Multiresolution Green’s Function Methods for Interactive Simulation of Large-scale Elastostatic Objects and other Physical Systems in Equilibrium
Ph.D. Thesis, Institute of Applied Mathematics, UBC, 2001.
Doug L. James
Abstract
This thesis presents a framework for low-latency interactive simulation of linear elastostatic models and other systems associated with linear elliptic partial differential equations. This approach makes it feasible to interactively simulate large-scale physical models.
Linearity is exploited by formulating the boundary value problem (BVP) solution in terms of Green’s functions (GFs) which may be precomputed to provide speed and cheap lookup operations. Runtime BVPs are solved using a collection of Capacitance Matrix Algorithms (CMAs) based on the Sherman-Morrison-Woodbury formula. Temporal coherence is exploited by caching and reusing, as well as sequentially updating, previous capacitance matrix inverses.
Multiresolution enhancements make it practical to simulate and store very large models. Efficient compressed representations of precomputed GFs are obtained using second-generation wavelets defined on surfaces. Fast inverse wavelet transforms allow fast summation methods to be used to accelerate runtime BVP solution. Wavelet GF compression factors are directly related to interactive simulation speedup, and examples are provided with hundredfold improvements at modest error levels.

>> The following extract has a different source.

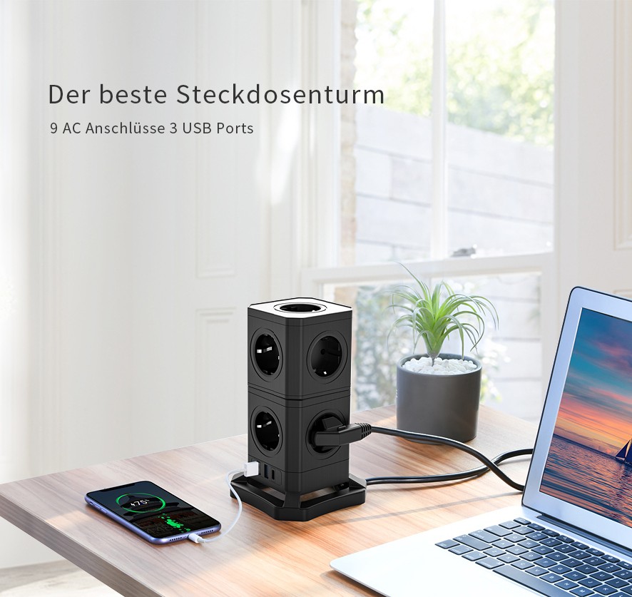 9 EU outlets with 2 USB-A 1 USB-C - USB輸出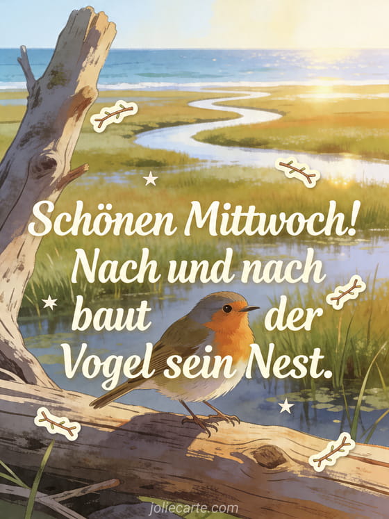 Schönen Mittwoch! Nach und nach baut der Vogel sein Nest. ein friedlicher Mittwochsgruß aus der Natur

Furthermore, hierarchical constraints are defined using hierarchical basis functions, and related hierarchical GFs are then used to construct an hierarchical CMA. This direct solution approach is suitable for hard real time simulation since it provides a mechanism for gracefully degrading to coarser resolution approximations, and the wavelet representations allow for runtime adaptive multiresolution rendering.
These GF CMAs are well-suited to interactive haptic applications since GFs allow random access to solution components and the capacitance matrix is the contact compliance used for high-fidelity force feedback rendering. Examples are provided for distributed and point-like interactions.
Precomputed multizone kinematic GF models are also considered, with examples provided for character animation in computer graphics.
Finally, we briefly discuss the generation of multiresolution GF models using either numerical precomputation methods or reality-based robotic measurement.